Information shown START
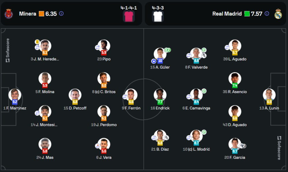 เรอัล มาดริด ใช้แผน 4-3-3 เน้นเกมรุกจากกองกลางตัวสร้างสรรค์อย่าง ลูก้า โมดริช และ บัลเบร์เด้ ซึ่งทำให้เกมรุกมีมิติและหลากหลาย ขณะที่ เดปอร์ติวา มีเนอร่า เน้นตั้งรับด้วยแผน 4-1-4-1 แต่การประสานงานยังขาดความแม่นยำ วิเคราะห์จากเกมนี้ มาดริดแสดงให้เห็นถึงความเด็ดขาดในจังหวะจบสกอร์และความสามารถในการสร้างโอกาสที่เหนือชั้นกว่า
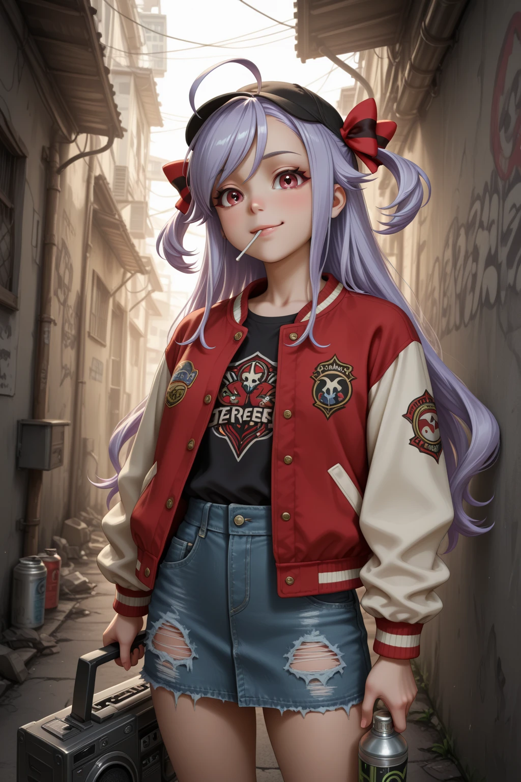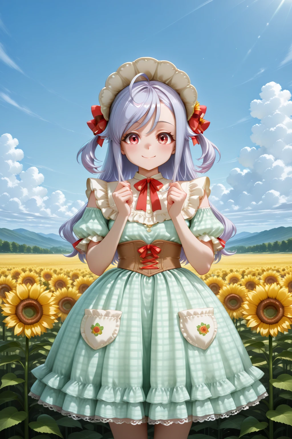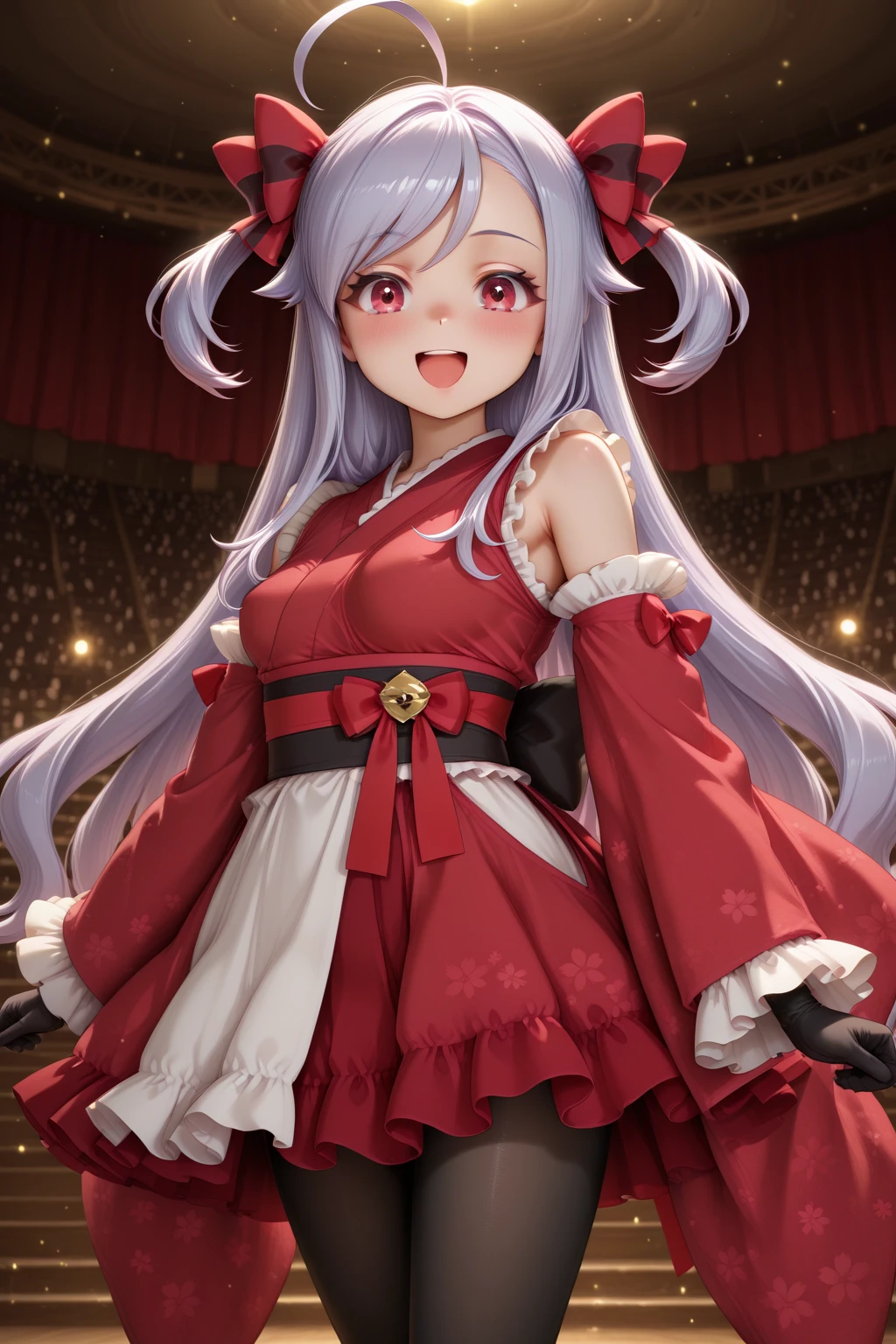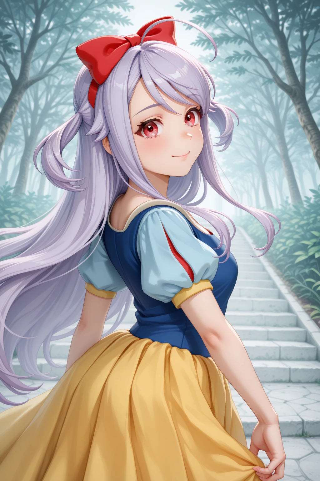 Niizuma_Yae_SIRIUS, long hair, red eyes, hair bow, red ribbon, purple hair, two side up, ahoge, sidelocks, swept bangsoutfit
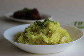 Ryż cytrynowy przygotowany przez przyprawianie gotowanego ryżu z nasionami gorczycy, smażoną soczewicą, orzeszkami ziemnymi, orzechami nerkowca, zielonymi chili, suchymi czerwonymi chili, liśćmi curry, asafoetidą, kurkumą i sokiem z limonki.
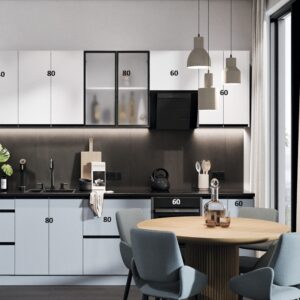 A termék tartalmazza, a szerelvényeket, munkalapot, takarólécet, felfogatást. Nem tartalmaz takarópanelt, vízzárót, munkalap toldót-zárót, és a felső elemek falra szereléséhez tiplit, csavart.
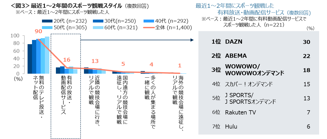 観戦経験のある人のうち9割が、「無料のテレビ放送・ネット配信」で観戦をしていた。「有料の放送・動画配信サービス」での観戦は16%、競技会場へ行って観る「リアル観戦」が13%と続く。有料の放送・動画配信サービスは「DAZN」「ABEMA」「WOWOWO/WOWOWOオンデマンド」が多い。<図3>
Information shown END
* Problem requirements
Could you transcribe exactly the lines from the one with "Niizuma_Yae_SIRIUS, long hair, red" through the end of the data, both ends included, and nothing else, skipping the pictures?

* Response to the exercise
 Niizuma_Yae_SIRIUS, long hair, red eyes, hair bow, red ribbon, purple hair, two side up, ahoge, sidelocks, swept bangsoutfit
 Ryż cytrynowy przygotowany przez przyprawianie gotowanego ryżu z nasionami gorczycy, smażoną soczewicą, orzeszkami ziemnymi, orzechami nerkowca, zielonymi chili, suchymi czerwonymi chili, liśćmi curry, asafoetidą, kurkumą i sokiem z limonki.
 A termék tartalmazza, a szerelvényeket, munkalapot, takarólécet, felfogatást. Nem tartalmaz takarópanelt, vízzárót, munkalap toldót-zárót, és a felső elemek falra szereléséhez tiplit, csavart.
 観戦経験のある人のうち9割が、「無料のテレビ放送・ネット配信」で観戦をしていた。「有料の放送・動画配信サービス」での観戦は16%、競技会場へ行って観る「リアル観戦」が13%と続く。有料の放送・動画配信サービスは「DAZN」「ABEMA」「WOWOWO/WOWOWOオンデマンド」が多い。<図3>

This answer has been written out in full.